------ Data for this task ------
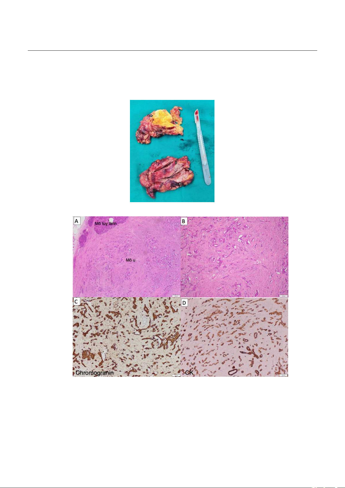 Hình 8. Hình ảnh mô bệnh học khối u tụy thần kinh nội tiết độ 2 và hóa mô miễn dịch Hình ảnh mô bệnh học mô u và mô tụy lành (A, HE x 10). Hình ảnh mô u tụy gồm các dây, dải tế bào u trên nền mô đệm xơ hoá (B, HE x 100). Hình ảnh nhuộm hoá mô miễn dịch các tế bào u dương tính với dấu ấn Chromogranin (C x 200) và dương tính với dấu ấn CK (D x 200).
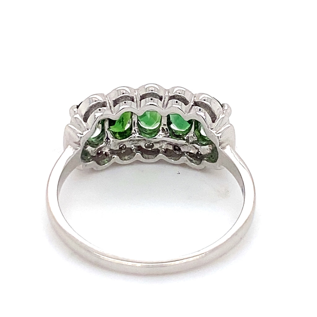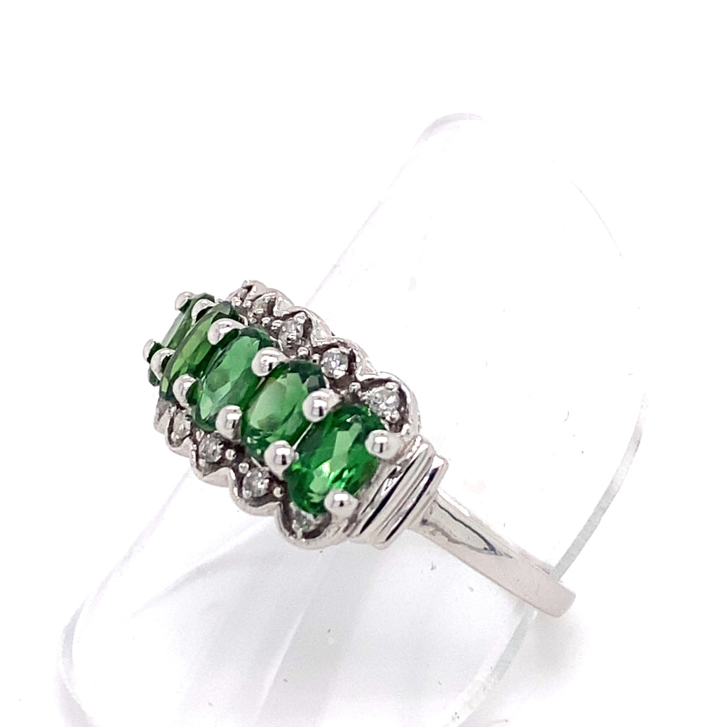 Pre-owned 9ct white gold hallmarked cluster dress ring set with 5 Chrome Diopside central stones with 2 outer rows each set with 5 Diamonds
------
------ Data for this task ------
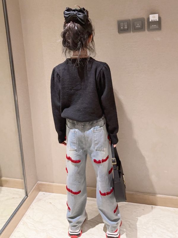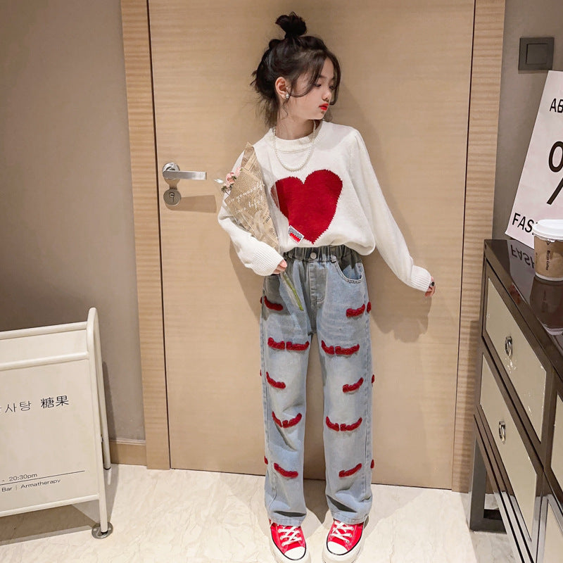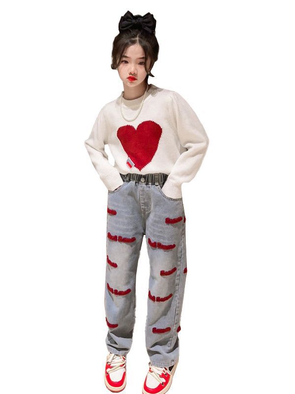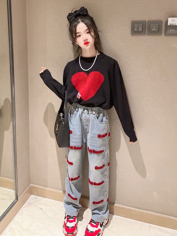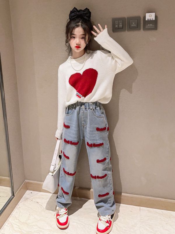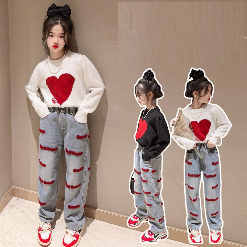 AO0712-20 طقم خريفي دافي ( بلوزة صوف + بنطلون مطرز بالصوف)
------
### What is being asked
In the data above, find the line containing "Hình 8. Hình" and the line containing "Pre-owned 9ct white". Repeat those two lines and everything between them exactly, minus the pictures.

### Response to the task
 Hình 8. Hình ảnh mô bệnh học khối u tụy thần kinh nội tiết độ 2 và hóa mô miễn dịch Hình ảnh mô bệnh học mô u và mô tụy lành (A, HE x 10). Hình ảnh mô u tụy gồm các dây, dải tế bào u trên nền mô đệm xơ hoá (B, HE x 100). Hình ảnh nhuộm hoá mô miễn dịch các tế bào u dương tính với dấu ấn Chromogranin (C x 200) và dương tính với dấu ấn CK (D x 200).
 Pre-owned 9ct white gold hallmarked cluster dress ring set with 5 Chrome Diopside central stones with 2 outer rows each set with 5 Diamonds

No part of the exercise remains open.